Were all these facts from the book? Because some of them are inaccurate.
Buffy aired until 2003, but was not cancelled (SMG did not want to continue, and you can’t do the show without Buffy). Firely was cancelled, but in 2002. And Angel wasn’t cancelled until 2004.
And with regards to the ratings of Buffy vs Firefly, Firefly’s average rating was 4.7 million, while Buffy’s was between 4-6 million (with its highest being 7.7), so… “better ratings than Buffy ever did”? Just not true.
/end rant of pedantic Whedonite.
Oops! Thanks for pointing those out. They are certainly my errors and not the book’s. I have amended the text accordingly. Apologies to all concerned.
1. You are right about the manner in which the shows ended.

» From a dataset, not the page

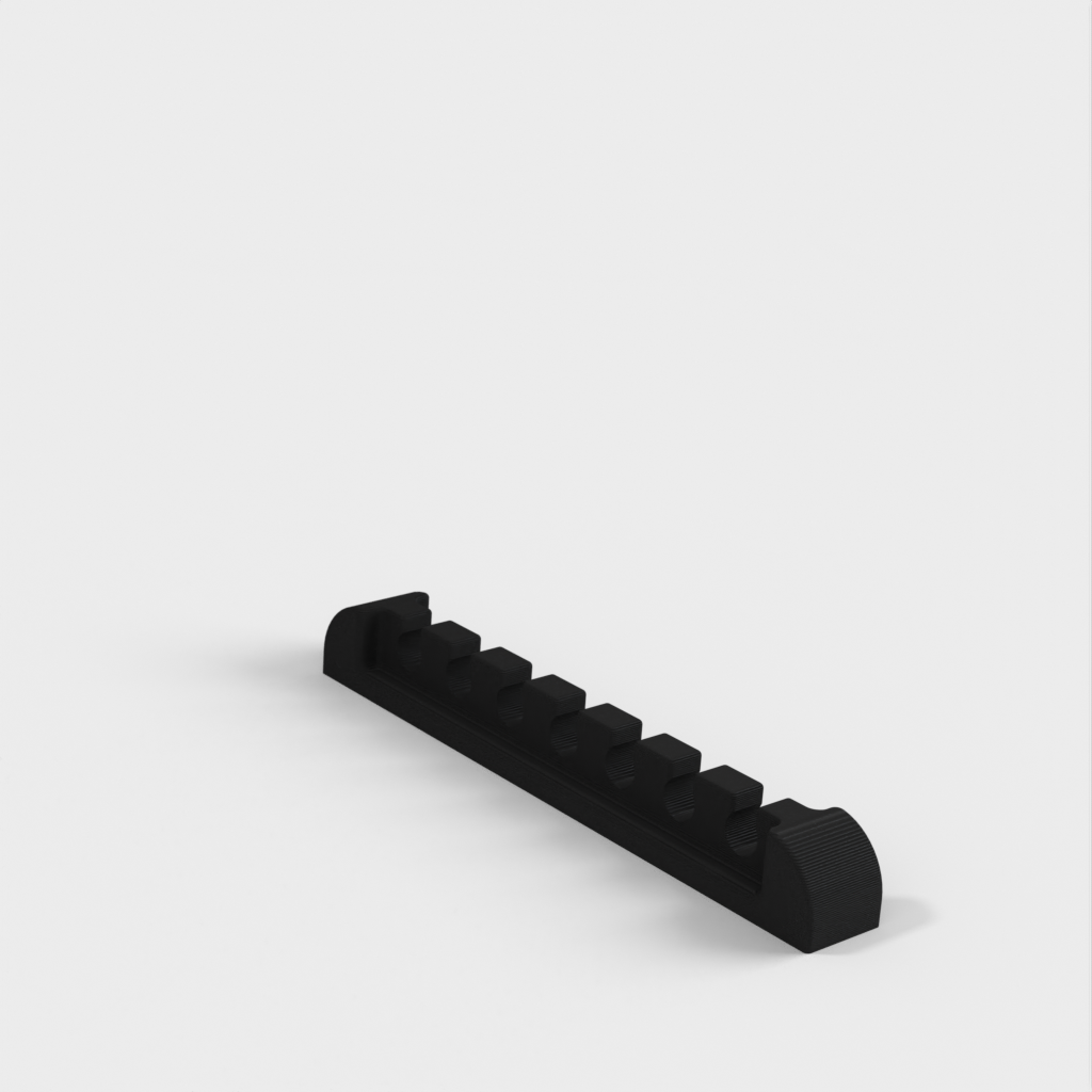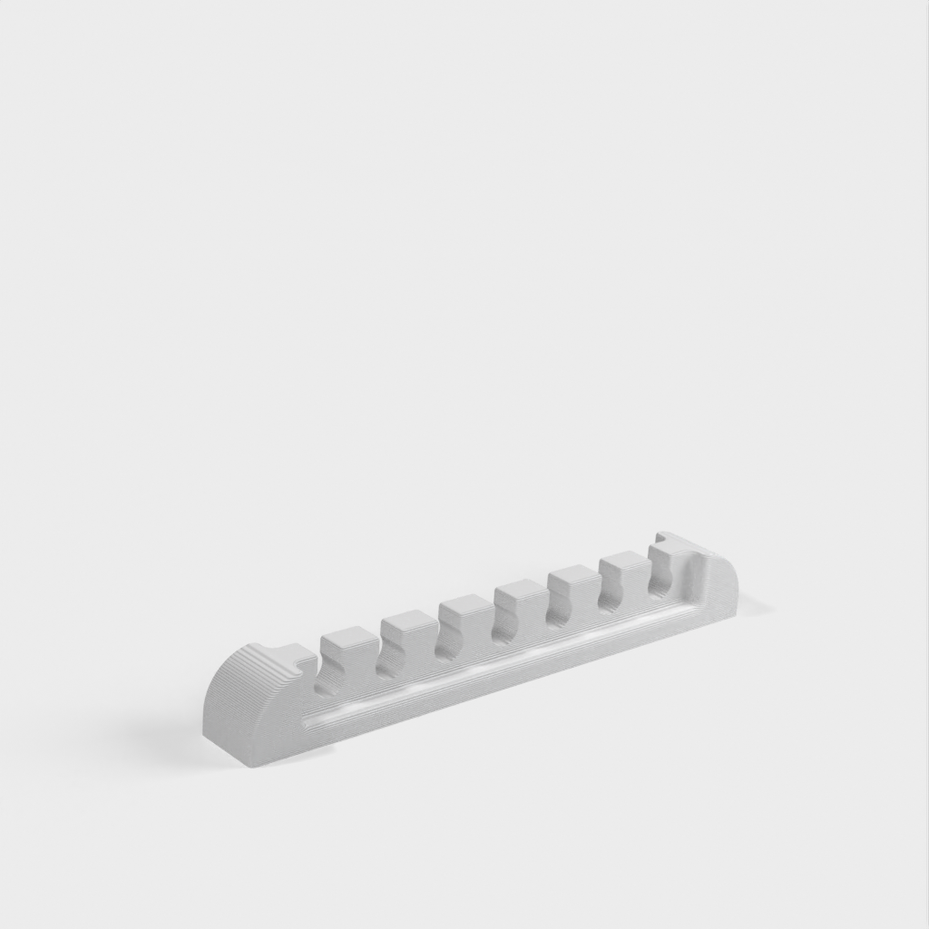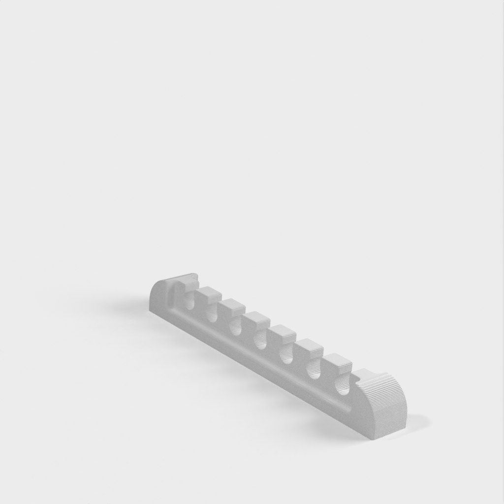 En solid kabelorganisator för större stationära kablar som ethernet- och bildskärmskablar. Denna kabelfördelare hjälper till att hålla ditt skrivbord snyggt och organiserat. Det är en förbättrad modell baserad på originalmodellen som finns på Thingiverse.

I have changed this now.
2. In my defence I did say “around 2003” not “in 2003”. But I have changed that anyway as it’s potentially misleading.
3. According to the book “Firefly was averaging 4.7 million viewers per episode – more than even the highest-rated episodes of Buffy and Angel but a dud by Fox standards at the time; the series was expected to pull in almost triple that amount.” (P219)
If this is an error (and it sounds like it might well be), it is an error in the book rather than my own. I will look into it. Thanks again! I prefer to be accurate.
On second thoughts, I have deleted the bit about the ratings too. Thanks for your help. Much appreciated!